AZERBAYCAN’DA DEMOKRASİ VAR MI?
Dünden bugüne Azerbaycan'da, "demokratik sistem" tanımının çoğu zaman bir gölgeden ibaret kaldığını söylemek yanlış olmaz. Resmi söylemde çok partili bir yapı ve serbest seçimler vurgulansa da, sahadaki gerçeklik, iktidarın tartışmasız gücü ve muhalefetin cılızlığı etrafında dönüyor.

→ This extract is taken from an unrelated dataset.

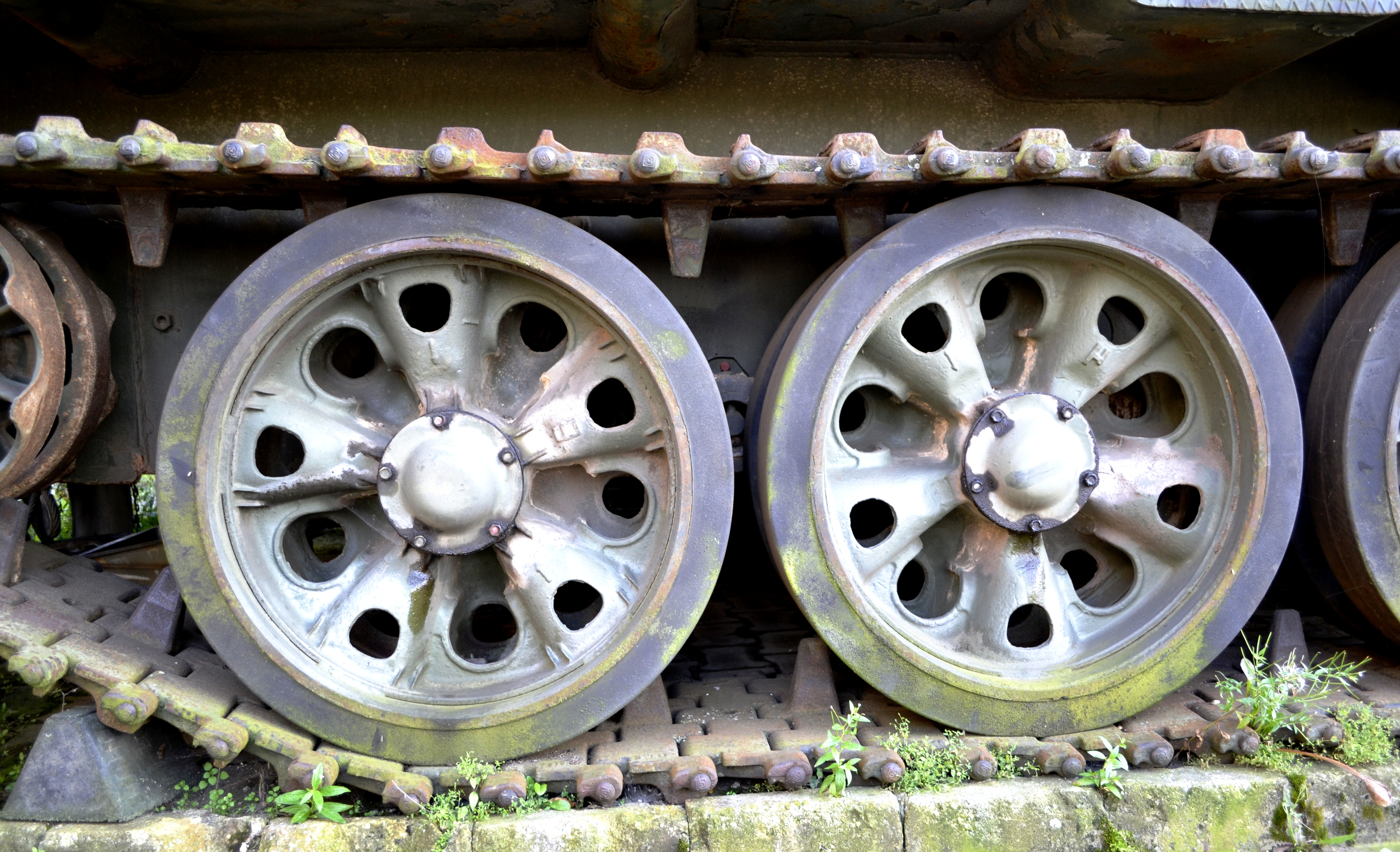 An AT-T artillery tracotr of the former East-German-Army.
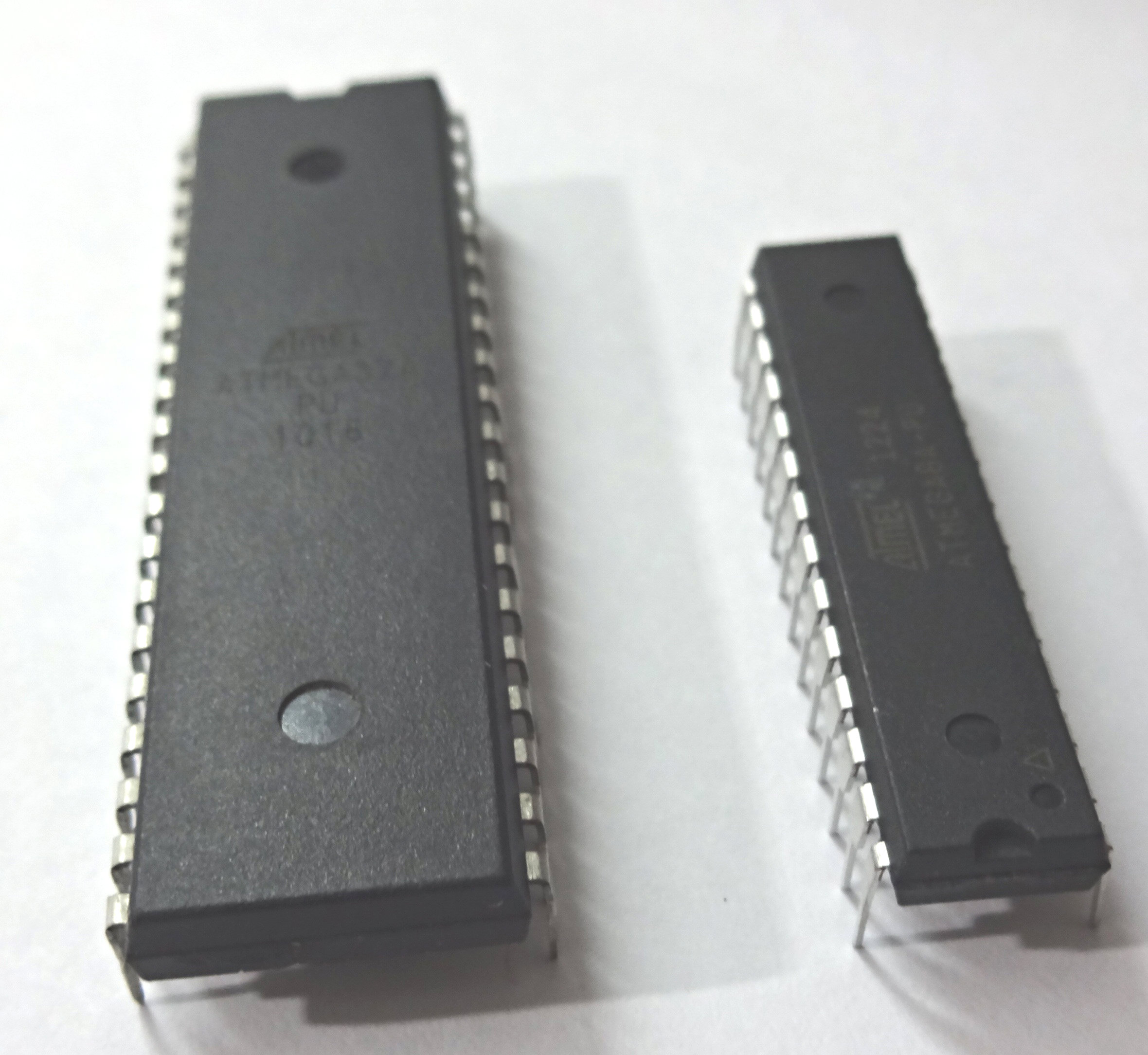 Microcontrollers Atmega32 Atmega8

Azerbaycan, bağımsızlığını kazanmasından bu yana, güçlü liderlik figürlerinin etkisi altında otokratik bir yönetim sergiliyor. Haydar Aliyev'den oğlu İlham Aliyev'e geçen bu süreçte, devletin tüm kademelerinde iktidarın etkisi açıkça hissedilmektedir. Bu durum, eleştirmenler tarafından "tek adam yönetimi" olarak nitelendirilmekte ve demokrasi ilkesinin temel direklerinden olan güçler ayrılığı prensibini zayıflattığı bir gerçektir.
Hükümet, ülkenin istikrarı, kalkınması ve bağımsızlığının güvencesi olarak güçlü liderliğin önemini vurgulasa da, bu güçlü liderlik beraberinde farklı seslerin kısılması ve muhalif görüşlerin marjinalleştirilmesi gibi sorunları da getirmektedir. Medya üzerindeki kontrol ve sivil toplum kuruluşlarının faaliyet alanlarının daraltılması, eleştirel seslerin kamuoyuna ulaşmasını zorlaştırmakta.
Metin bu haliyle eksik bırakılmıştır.